On the Convergence of FK–Ising Percolation to SLE(16/3, (16/3)-6)

We give a simplified and complete proof of the convergence of the chordal exploration process in critical FK–Ising percolation to chordal SLE_κ ( κ -6) with κ =16/3 . Our proof follows the classical excursion construction of SLE_κ (κ -6) processes in the continuum, and we are thus led to introduce suitable cut-off stopping times in order to analyse the behaviour of the driving function of the discrete system when Dobrushin boundary condition collapses to a single point. Our proof is very different from that of Kemppainen and Smirnov (Conformal invariance of boundary touching loops of FK–Ising model. arXiv:1509.08858 , 2015; Conformal invariance in random cluster models. II. Full scaling limit as a branching SLE. arXiv:1609.08527 , 2016) as it only relies on the convergence to the chordal SLE_κ process in Dobrushin boundary condition and does not require the introduction of a new observable. Still, it relies crucially on several ingredients: the powerful topological framework developed in Kemppainen and Smirnov (Ann Probab 45(2):698–779, 2017) as well as its follow-up paper Chelkak et al. (Compt R Math 352(2):157–161, 2014), the strong RSW Theorem from Chelkak et al. (Electron. J. Probab. 21(5):28, 2016), the proof is inspired from the appendix A in Benoist and Hongler (The scaling limit of critical Ising interfaces is CLE(3). arXiv:1604.06975 , 2016). One important emphasis of this paper is to carefully write down some properties which are often considered folklore in the literature but which are only justified so far by hand-waving arguments.
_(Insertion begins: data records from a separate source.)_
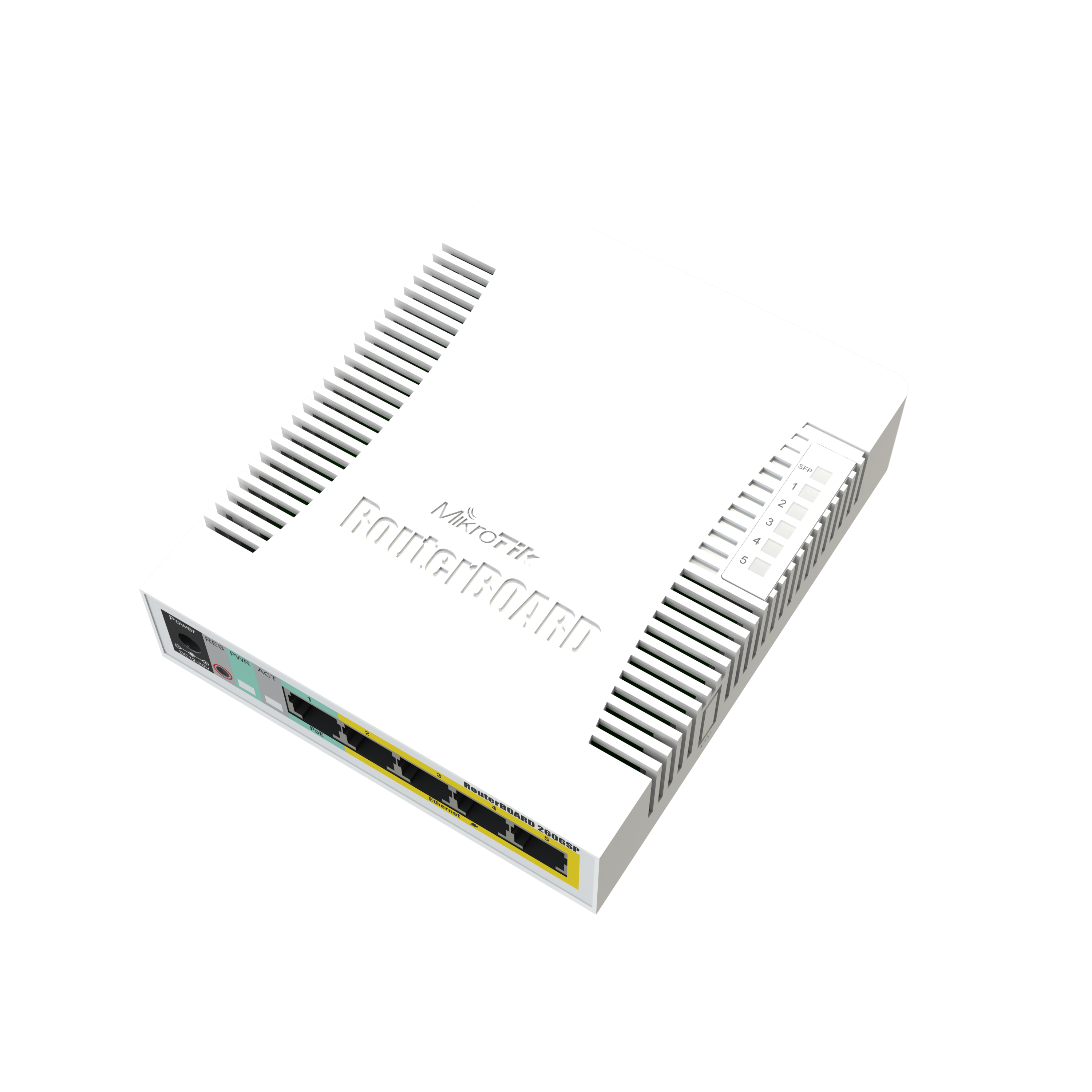 RB260GSP Cloud Smart Switch CSS106-1G-4P-1S con 5 puertos Gigabit PoE, 1 puerto SFP, 128 KB, plastic case, SwOS, marca Mikrotik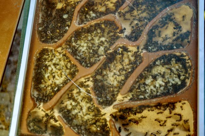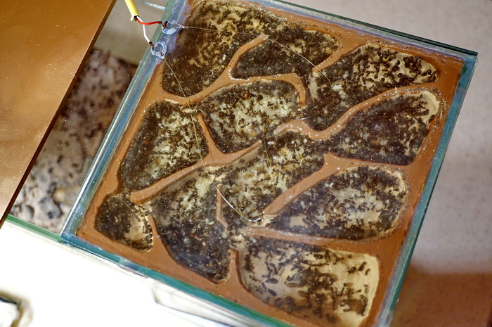 Благодаря масляному нагревателю весь расплод сосредоточен в верхних камерах. Но я чувствую, что они (муравьи) все-таки что-то затевают - cтоило заглянуть в камеры увлажнения со стороны дна.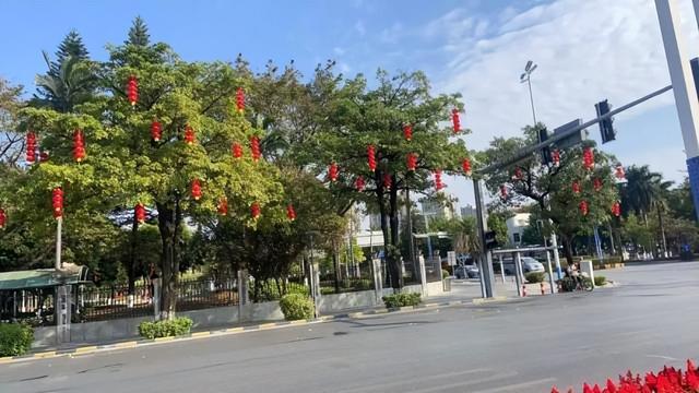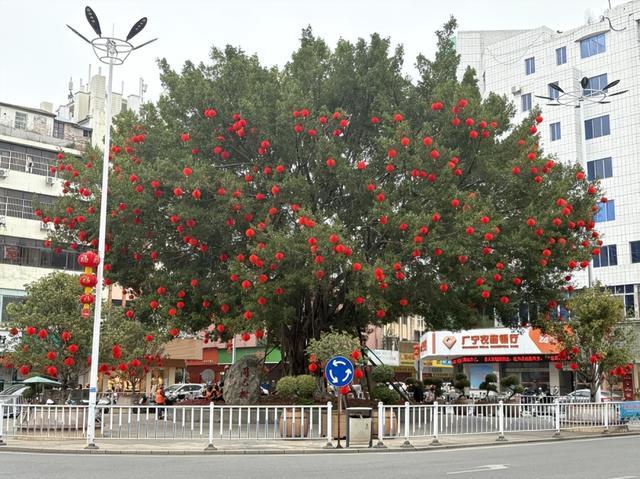 而广场内众多树木也挂上了红灯笼,

The main examples of these are: the convergence of natural discrete stopping times to their continuous analogues. (The usual hand-waving argument destroys the spatial Markov property.) the fact that the discrete spatial Markov property is preserved in the scaling limit. (The enemy being that 𝔼 [X_n | Y_n ] does not necessarily converge to 𝔼 [X | Y ] when (X_n,Y_n)→ (X,Y) .) We end the paper with a detailed sketch of the convergence to radial SLE_κ ( κ -6) when κ =16/3 as well as the derivation of Onsager’s one-arm exponent 1 / 8.